17 May 2021
Year 9 T2 Assessments
Dear Parent/Carer
In upcoming weeks students will be preparing for these assessments in class and will be provided revision guidance. Could I please ask that you encourage your son/daughter to revise at home on a regular basis over the next few weeks; this will allow them to demonstrate what they know in the assessments and help them build future foundations for revision patterns as they move onto Year 10. Heads of Department have provided some areas of guidance and direct links for revision which I have included on the reverse of this letter. Using these resources as part of their revision will help them feel well prepared for the forthcoming assessments.
History
In History students are completing their T2 on the causes of WW2. The assessment will measure their knowledge, use of sources and their ability to write an extended answer on historians' interpretations.
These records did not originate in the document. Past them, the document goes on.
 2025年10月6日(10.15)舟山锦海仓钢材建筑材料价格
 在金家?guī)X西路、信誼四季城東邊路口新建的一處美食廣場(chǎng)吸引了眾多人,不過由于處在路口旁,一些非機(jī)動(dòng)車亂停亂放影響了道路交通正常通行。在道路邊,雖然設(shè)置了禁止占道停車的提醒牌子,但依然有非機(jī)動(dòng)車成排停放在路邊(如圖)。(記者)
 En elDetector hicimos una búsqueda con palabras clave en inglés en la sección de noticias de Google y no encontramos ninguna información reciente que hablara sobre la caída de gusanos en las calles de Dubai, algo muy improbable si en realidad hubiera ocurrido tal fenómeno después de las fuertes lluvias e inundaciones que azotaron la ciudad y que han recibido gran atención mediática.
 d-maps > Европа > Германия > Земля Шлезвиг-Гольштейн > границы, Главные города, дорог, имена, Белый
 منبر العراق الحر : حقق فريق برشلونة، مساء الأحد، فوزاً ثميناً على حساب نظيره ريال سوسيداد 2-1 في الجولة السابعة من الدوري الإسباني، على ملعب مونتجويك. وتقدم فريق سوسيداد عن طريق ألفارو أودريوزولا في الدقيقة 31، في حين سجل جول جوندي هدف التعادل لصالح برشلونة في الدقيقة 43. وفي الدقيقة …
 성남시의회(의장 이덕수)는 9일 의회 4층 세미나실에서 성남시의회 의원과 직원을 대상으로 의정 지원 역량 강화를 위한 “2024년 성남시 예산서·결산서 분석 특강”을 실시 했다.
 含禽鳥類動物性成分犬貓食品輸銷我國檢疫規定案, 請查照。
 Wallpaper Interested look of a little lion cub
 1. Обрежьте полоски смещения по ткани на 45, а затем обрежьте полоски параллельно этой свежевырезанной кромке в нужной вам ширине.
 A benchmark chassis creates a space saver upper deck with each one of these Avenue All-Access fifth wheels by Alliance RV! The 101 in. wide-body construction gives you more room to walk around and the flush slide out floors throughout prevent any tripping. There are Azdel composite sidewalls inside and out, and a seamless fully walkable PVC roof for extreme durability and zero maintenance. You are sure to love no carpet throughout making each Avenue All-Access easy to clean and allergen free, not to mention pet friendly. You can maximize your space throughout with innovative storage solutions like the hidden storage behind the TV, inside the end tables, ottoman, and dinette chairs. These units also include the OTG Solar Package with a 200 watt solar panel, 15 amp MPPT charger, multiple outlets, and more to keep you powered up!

The assessment will take place w/c 7th June and they will have two lessons before the HT to complete revision with their teachers. In addition, revision materials will be provided to students via ClassCharts.
English
Year 9 will be completing their T2s in English in the w/b 24th May - they will have been informed which two lessons these are taking place by their teacher.
Reading Assessment - Jekyll & Hyde. The question will be based on the presentation of Hyde, Jekyll or the setting. Pupils must learn a small selection of key quotations for each of these topics from memory, as well as learning key contextual ideas.
Writing Assessment - Persuasive Writing. Pupils will write a persuasive article, arguing for or against a point of view about a statement given in the assessment. Pupils should be revising and practising using persuasive techniques, synchronised sentences, and the structure of an article.
Science
Revision guidance will be put on Teams/Classcharts.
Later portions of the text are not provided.